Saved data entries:
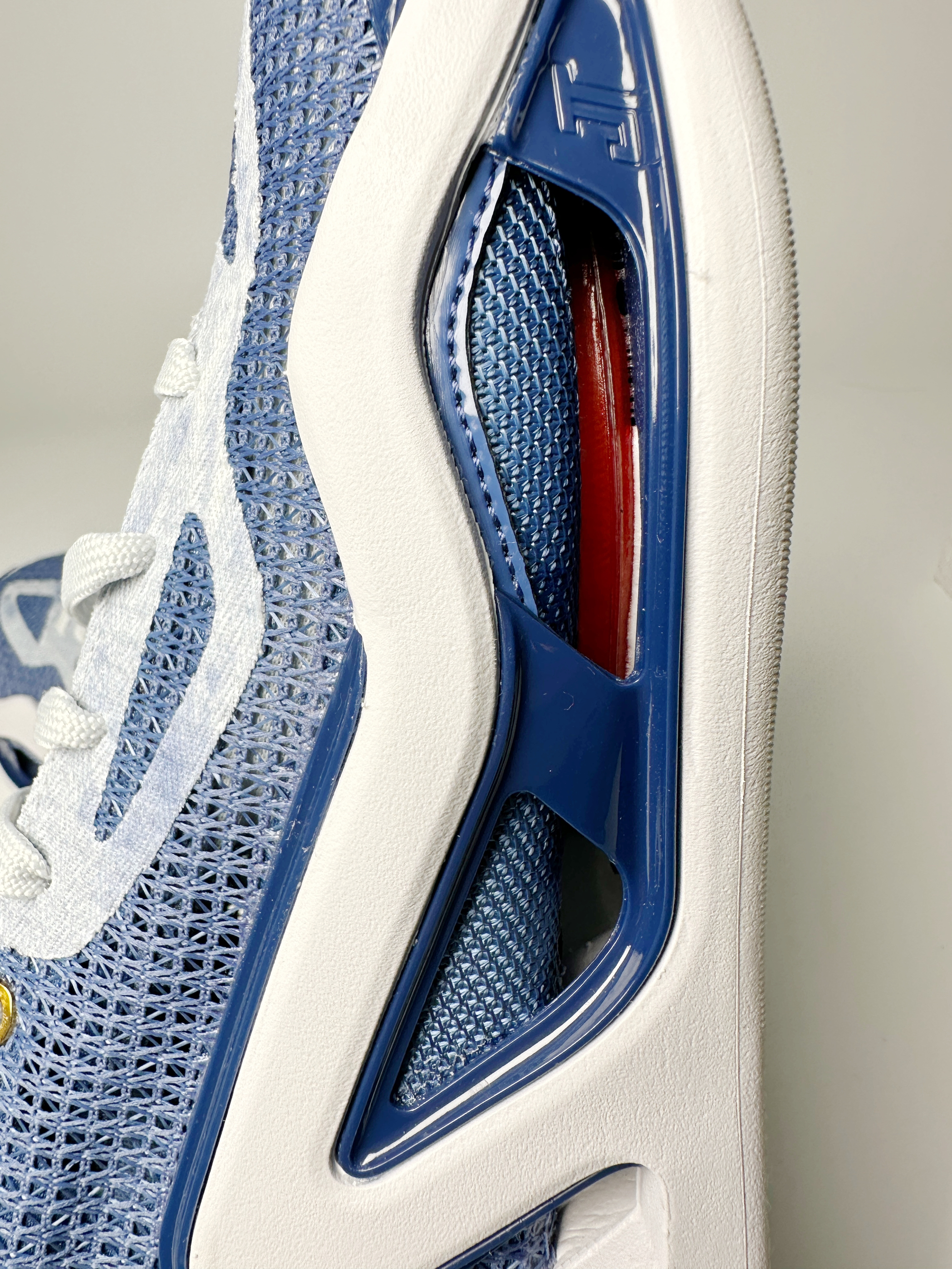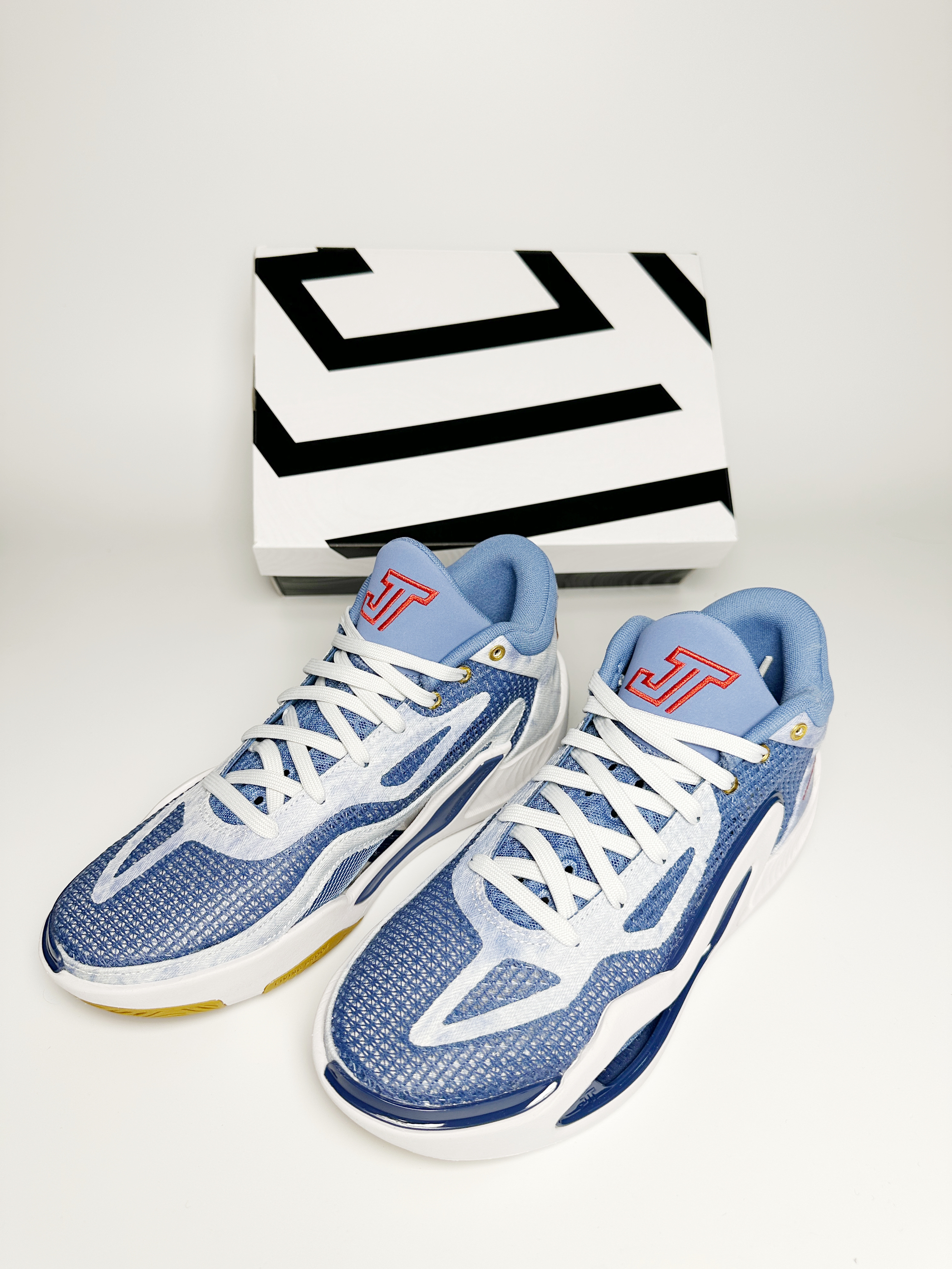 今天开箱这双单宁配色的塔图姆一代,比较少有的牛仔蓝配色,是我选它的主要原因。这款鞋整体鞋面的颜值对于日常穿搭也很合适,下面说下我试穿下来的感受: 感觉不太适合大体重高爆发球员,足底外露的气垫比较容易出问题; 足底前掌的气垫踩上去比较舒适,外底是XDR材质比较耐磨,在外场无压力,但是就入手的这款清新配色,我还是选择在内场实战; 鞋底脚心位置的镂空设计比较新颖,减轻了鞋身的重量,但是较好的结构设...
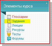 является инструментом формирования и проверки профессиональных навыков и умений, обозначенных в типовой рабочей учебной программе по дисциплине. Чтобы воспользоваться данным инструментом, Вам необходимо перейти к инструменту «Задания». Это можно сделать из блока «Элементы курса» или из меню курса, выбрав необходимый пункт меню (рис. 21).
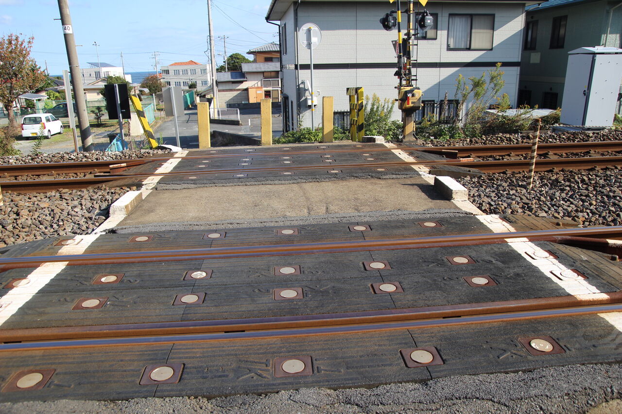 踏切内部の様子です。車両通行止めとはいえ、しっかりとした踏切板へ更新されています。さすが天下のJR東日本といったところですな。
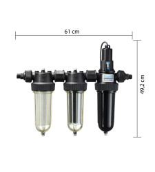 The filter system Cintropur TRIO UV (25W), 3/4 "+ 1" (Filtration, cleaning & sterilization) is characterized by an ideal combination of mechanical filter and UV sterilization and is particularly well suited for food and drinking water applications as it is made entirely from synthetic material of first class Quality products.
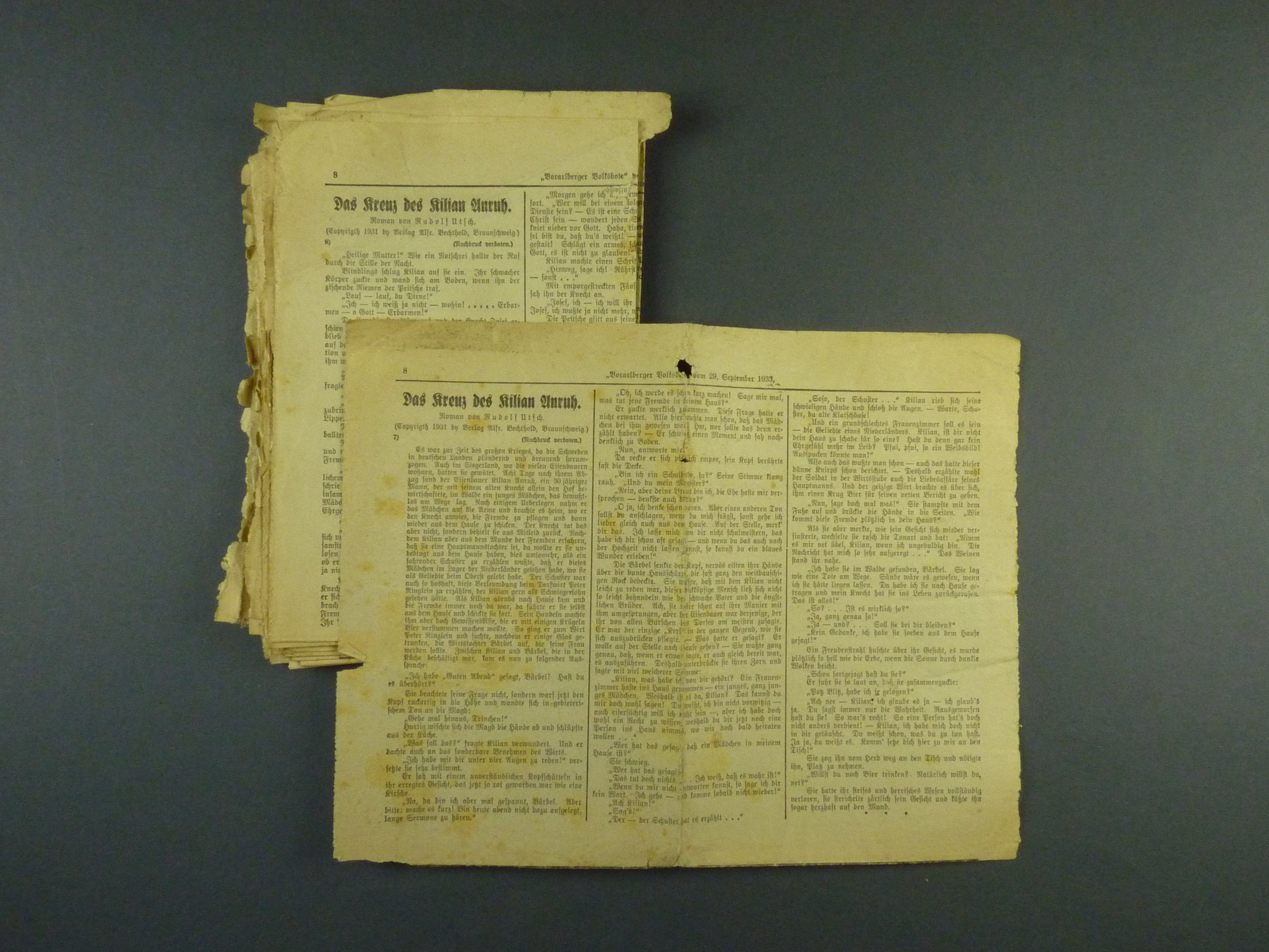 22 Artikel (FM-738-01 bis FM-738-22); Fortsetzungsroman "Das Kreuz des Kilian Unruh" von Rudolf Utsch; aus dem "Volksblatt";

**Exercise prompt**. Copy nothing but the lines above that run from the one with "踏切内部の様子です。車両通行" to the one with "The filter system", ends included; pictures stay out.

**Response to this exercise**.
 踏切内部の様子です。車両通行止めとはいえ、しっかりとした踏切板へ更新されています。さすが天下のJR東日本といったところですな。
 The filter system Cintropur TRIO UV (25W), 3/4 "+ 1" (Filtration, cleaning & sterilization) is characterized by an ideal combination of mechanical filter and UV sterilization and is particularly well suited for food and drinking water applications as it is made entirely from synthetic material of first class Quality products.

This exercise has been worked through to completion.